Coresight Research categorizes the 12 participating innovators into three areas of innovation in retail: fulfillment and sustainability; product marketing and merchandising; and AI (artificial intelligence), ML (machine learning) and automation. Shelfleet falls under “product marketing and merchandising.”

Brands and retailers are increasingly finding innovative ways to expand their marketing reach and brand awareness. Advances in retail technology and accessibility to shopper data are supporting omnichannel marketing and merchandising strategies to achieve growth.

Shelfleet: In Detail 

 

 

Headquarters 

Austin, Texas, US 

Funding Stage 

Total funding raised: Undisclosed  

Company Description

Shelfleet’s online marketing platform allows independent DNVBs to expand into the physical retail channel by partnering with local retailers to sell their products.
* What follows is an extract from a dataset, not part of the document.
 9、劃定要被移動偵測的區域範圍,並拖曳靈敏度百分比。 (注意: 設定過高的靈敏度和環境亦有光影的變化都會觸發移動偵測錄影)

The shelf and wall rental program connects online brands with local brick-and-mortar retailers that have underutilized shelf or wall space in their storefronts. 

Brands can currently pre-register for Shelfleet’s shelf and wall rental program, where they enter information about their company, including their retail vertical, and wait to get matched with local retailers. By participating, independent brands can increase brand awareness and generate income from physical stores, while retailers can bring in new income streams and increase interest and store traffic in their physical locations with the addition of new products. 

Source: Company website
Source: Company website

 

What Problem Is the Company Solving?

While pandemic-induced lockdowns has recently bolstered the rise of DNVBs, a return to pre-pandemic shopping behaviors and increased store traffic in physical stores has led to a slowdown in traffic on many DNVBs’ websites. While many of these brands want to diversify into physical channels, high overhead costs alongside the high costs associated with leasing make it hard for them to do so. By using Shelfleet’s platform, these brands can place and sell their products in physical retailers’ stores while avoiding such costs. The rental program also allows them to test a store’s fit for their product (to find appropriate locations that resonate with target consumers, for example) with low commitment. 
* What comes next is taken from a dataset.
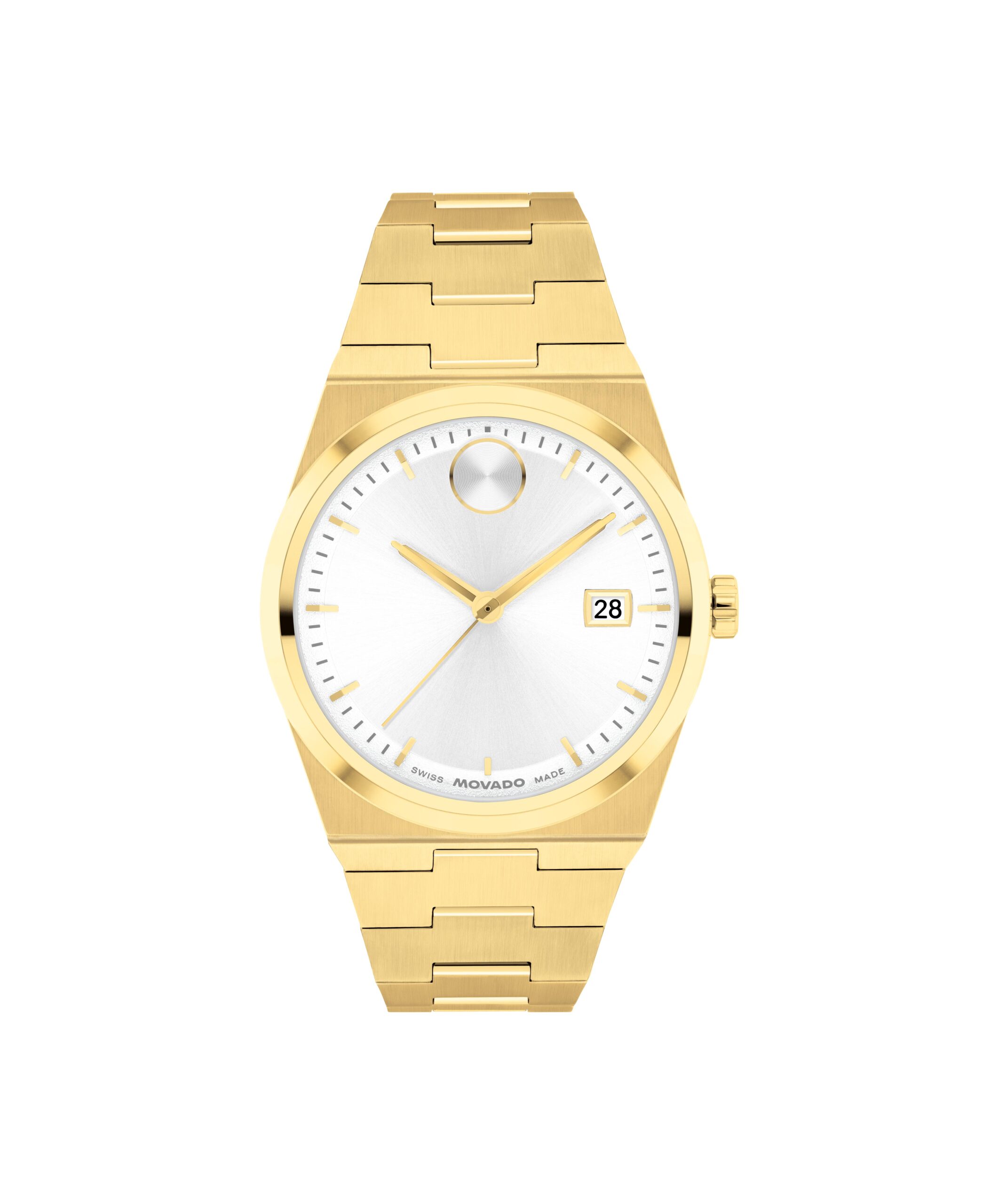 This 35mm watch features a white dial, yellow gold-tone hands, and our signature dot at 12 o’clock.

Unlike online brands with digital ecosystems, physical retailers must continuously find ways to attract shoppers to their stores. Additionally, high rent prices put more pressure on physical retailers. By connecting with local brands, retailers can introduce fresh products from local brands into their stores, extending their reach to new types of shoppers or increasing the basket size of existing shoppers, by using their underutilized shelf or wall space. 

Market Opportunity 

There has been a surge in DNVB (digitally native vertical brand) launches in the US—we have seen around 50 set up in the food, beverage and snacks category over the last decade—and we expect DNVBs to continue to proliferate. While the longer-term trend sees online retail sales comprising a higher proportion of total retail sales, we expect more DNVBs to expand into physical stores in order to increase their presence across more channels and differentiate themselves from competitors. 

As digital and physical retail become more intertwined, online brands and physical retailers can work together and leverage each other’s existing infrastructure to create a better omnichannel experience for their shoppers.

What We Think

We believe that the trend in rise of DNVBs is likely to continue, despite a recent slowdown in web traffic. These brands should look to adopt a more omnichannel model that generates income from diverse streams. 

Retailers with high costs of leasing and underutilized space should look to partner with online brands to generate a new income stream while introducing new products to their store to capture and retain shopper interest in their physical stores.